Солдаты вставали с лавок, натыкались один на другого, плотной вереницей сбегали по спуску, растягивались от киля по тусклому бетону среди садящихся воющих самолетов. Калмыков, сойдя с полосы, топтал подошвами колючую траву, всасывая ноздрями чистый холодный воздух, смотрел на высокие звезды, обрывавшиеся у черных гор. Чужая земля обступила его запахами, тенями и звуками, давала ему место среди своих растений, дуновений ветра и звезд.

— Воздух чистый, и вроде бы кизячком пахнет! — Командир первой роты поворачивал лицо к горам, где, невидимые, притаились жилища. Чужие, остывающие очаги источали слабые запахи иной жизни. — У нас в Союзе воздух загазованный, а тут заводов нет, деревней пахнет!

Его смутно освещенное лицо чутко обращалось к таинственным контурам гор, где, потревоженные самолетами, притаились чужие селения.

— Товарищ подполковник, куда выводить технику и личный состав? — Файзулин, маленький, быстрый, выкатился из тьмы, подсвеченный из‑за спины синим лучом прожектора. — Никто не встречает!

Отшатнулся, схватил себя за лицо:

— Ах ты, черт!

Что‑то билось, шуршало у него в кулаке. Он разглядывал мягкий шелестящий комок. Большой ночной мотылек примчался из ночи, ударил в его освещенное ртутно‑голубое лицо. Чужая земля послала им знак — темно‑серебристую мохнатую бабочку, оставившую отпечаток на круглом лице майора.

Огибая стоящий транспорт, высвечивая фарами неровную шеренгу солдат, подкатывала легковая машина.

— А ты говоришь, не встречают! — Грязнов натянул ремень автомата. — Поглядим, кто как встретит!

Машина остановилась, из нее вышел высокий узкоплечий военный в афганской форме с вислыми усами. Калмыков стал озираться, искать переводчика.

— Командир роты аэродромного прикрытия аэродрома Баграм! — представился военный. И Калмыков облегченно шагнул к нему, пожал большую тяжелую руку. Подумал: он, Калмыков, со своим батальоном — лишь часть неведомого обширного плана, по которому русский майор с ротой прикрытия обеспечил приземление транспорта.

— Товарищ подполковник, личный состав и технику после разгрузки отведите с полосы в степь. Тут и ночуйте. Утром из Кабула приедут встречающие. От них дальнейшие указания.

Прихватив в машину Файзулина, майор укатил. Скрылся в ртутном свечении прожектора, в металлическом дыму мотора, среди которых возникали солдатский строй, корма «бэтээра», башня «боевой машины десанта».

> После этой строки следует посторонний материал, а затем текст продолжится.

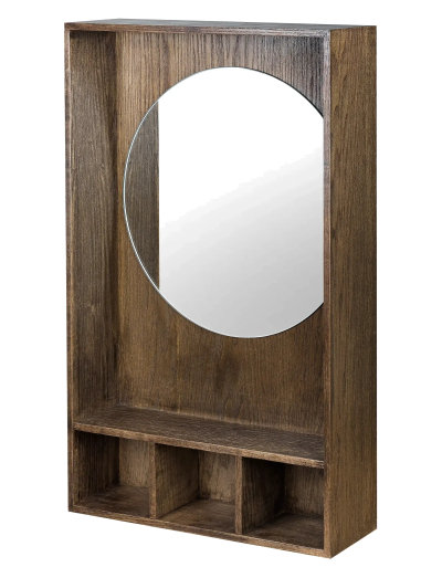 A functional statement piece with subtle 1970s references. The SHOW-ME mirror shelf combines a circular mirror with slim shelves in dark-oiled oak veneer. With space for keys, perfume or decorative objects, it works beautifully in a hallway, bedroom or dressing area.
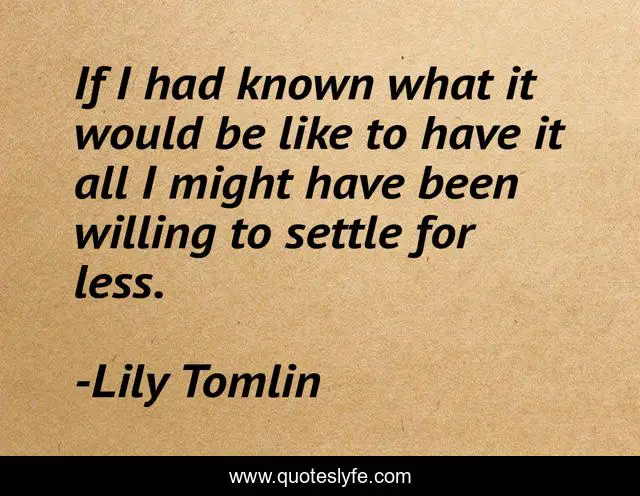 This page presents the quote "If I had known what it would be like to have it all I might have been willing to settle for less.". Author of this quote is Lily Tomlin. .

— Повсюду наши! — сказал подошедший Баранов, одобрительно поглядывая вслед легковушке. — В Африку прилети — наши! В Антарктиду, и там — пингвины и наши! Везде успеваем!

Боевые машины, медленно скользя лучами по бетону, по фюзеляжам, выруливали в черную степь, в сухие травы, выстраивались поротно, в каре, стальными четверками, а внутри за железную стену машин укрывались солдаты. Садились на землю, стелили плащ‑накидки, вскрывали консервы, пачки с галетами. Степь дымилась, скрежетала, рассекалась прожекторами, полнилась приказами, командами, руганью, словно в ней среди засохших растений и высоких звезд строился город.

— Разгрузка окончена, товарищ подполковник! Охранение выставлено! — Запыхавшийся начальник штаба соскочил с «бэтээра».